Dataset —
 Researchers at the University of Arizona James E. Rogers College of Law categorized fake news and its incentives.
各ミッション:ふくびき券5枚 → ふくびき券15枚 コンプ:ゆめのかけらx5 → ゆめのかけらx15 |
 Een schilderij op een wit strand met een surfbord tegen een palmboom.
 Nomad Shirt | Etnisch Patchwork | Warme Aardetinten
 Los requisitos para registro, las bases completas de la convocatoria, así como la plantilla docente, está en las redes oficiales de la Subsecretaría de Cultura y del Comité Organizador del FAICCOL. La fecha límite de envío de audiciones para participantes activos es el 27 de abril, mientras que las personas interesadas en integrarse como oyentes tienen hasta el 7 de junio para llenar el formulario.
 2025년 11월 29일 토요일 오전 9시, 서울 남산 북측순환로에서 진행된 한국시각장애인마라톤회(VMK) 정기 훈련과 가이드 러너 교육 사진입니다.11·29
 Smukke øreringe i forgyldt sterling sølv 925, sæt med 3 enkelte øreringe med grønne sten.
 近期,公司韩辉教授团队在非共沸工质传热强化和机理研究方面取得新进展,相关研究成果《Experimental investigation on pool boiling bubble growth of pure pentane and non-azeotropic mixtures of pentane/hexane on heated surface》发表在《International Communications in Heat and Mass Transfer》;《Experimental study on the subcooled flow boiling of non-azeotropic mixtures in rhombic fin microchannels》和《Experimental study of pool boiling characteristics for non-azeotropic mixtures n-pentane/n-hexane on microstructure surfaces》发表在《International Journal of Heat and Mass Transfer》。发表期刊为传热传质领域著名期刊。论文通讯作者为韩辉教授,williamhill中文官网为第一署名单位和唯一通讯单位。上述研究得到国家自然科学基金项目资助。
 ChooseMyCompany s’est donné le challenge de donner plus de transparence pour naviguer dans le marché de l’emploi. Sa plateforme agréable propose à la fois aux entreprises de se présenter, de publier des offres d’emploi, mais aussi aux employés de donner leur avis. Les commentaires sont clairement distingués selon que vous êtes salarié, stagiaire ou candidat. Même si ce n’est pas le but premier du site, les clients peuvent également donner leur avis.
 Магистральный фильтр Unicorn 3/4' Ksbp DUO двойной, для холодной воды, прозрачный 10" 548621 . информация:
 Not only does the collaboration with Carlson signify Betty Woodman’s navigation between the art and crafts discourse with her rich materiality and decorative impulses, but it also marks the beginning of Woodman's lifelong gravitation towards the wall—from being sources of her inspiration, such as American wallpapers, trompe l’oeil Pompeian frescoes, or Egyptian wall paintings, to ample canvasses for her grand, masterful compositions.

The problem —
Taking the material above, extract exactly and only the lines from the line with "Los requisitos para" to the line with "investigation on pool", inclusive of both.

Exercise response —
 Los requisitos para registro, las bases completas de la convocatoria, así como la plantilla docente, está en las redes oficiales de la Subsecretaría de Cultura y del Comité Organizador del FAICCOL. La fecha límite de envío de audiciones para participantes activos es el 27 de abril, mientras que las personas interesadas en integrarse como oyentes tienen hasta el 7 de junio para llenar el formulario.
 2025년 11월 29일 토요일 오전 9시, 서울 남산 북측순환로에서 진행된 한국시각장애인마라톤회(VMK) 정기 훈련과 가이드 러너 교육 사진입니다.11·29
 Smukke øreringe i forgyldt sterling sølv 925, sæt med 3 enkelte øreringe med grønne sten.
 近期,公司韩辉教授团队在非共沸工质传热强化和机理研究方面取得新进展,相关研究成果《Experimental investigation on pool boiling bubble growth of pure pentane and non-azeotropic mixtures of pentane/hexane on heated surface》发表在《International Communications in Heat and Mass Transfer》;《Experimental study on the subcooled flow boiling of non-azeotropic mixtures in rhombic fin microchannels》和《Experimental study of pool boiling characteristics for non-azeotropic mixtures n-pentane/n-hexane on microstructure surfaces》发表在《International Journal of Heat and Mass Transfer》。发表期刊为传热传质领域著名期刊。论文通讯作者为韩辉教授,williamhill中文官网为第一署名单位和唯一通讯单位。上述研究得到国家自然科学基金项目资助。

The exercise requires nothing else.